Lillian stopped to look at leather bags. The bags were wonderful, from Florence and staggeringly expensive, but wonderful. A large brown shoulder bag, soft and light, suited her perfectly. She saw herself traveling with it comfortably; it would, in fact, encourage her to travel. She switched shoulders and took a few steps with it. It felt just right and it lifted her spirits. Lillian asked the saleswoman the price. Forty-five pounds, around two hundred dollars. An extravagance she thought she could afford.
The saleswoman wondered if she’d like to see some other Italian leather goods. Gloves, wallets, sewing boxes?
Perhaps a wallet for Hammett. She hadn’t bought him anything for a very long while … since … forever.
In the showcase alongside the wallets were leather-bound notebooks. This was her immediate inclination, a notebook for a writer, until she realized that Hammett would see it not as a gift but as an obligation. So a wallet it was. Not the long leather fold that slipped into a jacket pocket—Hammett wasn’t wearing many suit jackets these days—but a thin, stylishly black billfold for a pants pocket. Nineteen pounds.

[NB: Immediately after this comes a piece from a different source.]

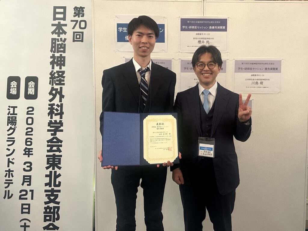 脳神経外科からも若手を中心に多数の演題発表を行いました。その中で、本学会で企画された研修医・学生セッションにおいては、基礎修練を脳神経外科でされた東北大学医学部3年生の田村光司郎さんが優秀演題賞に選出され、表彰されました。

Lillian’s check was accepted by the saleswoman, who needed a manager to sign the slip and initial the check. He asked for identification; she produced her passport. Everything was fine.
Rather than have the handbag wrapped, Lillian said she wished to carry it home on her shoulder. Might she transfer the contents of her old bag and have that one wrapped instead? Of course, madam. And the wallet, she’d like that gift wrapped as well. Why certainly. And here is your receipt. Thank you for your patronage.
Lillian felt fine, reinvigorated in fact, as she stepped out onto the Brompton Road. The chill in the air made her decide to take a cab home. A large red-faced man in a black coat and a black bowler suddenly blocked her path. “Excuse me, madam. I must ask you to return to the shop with me. There has been a discrepancy.”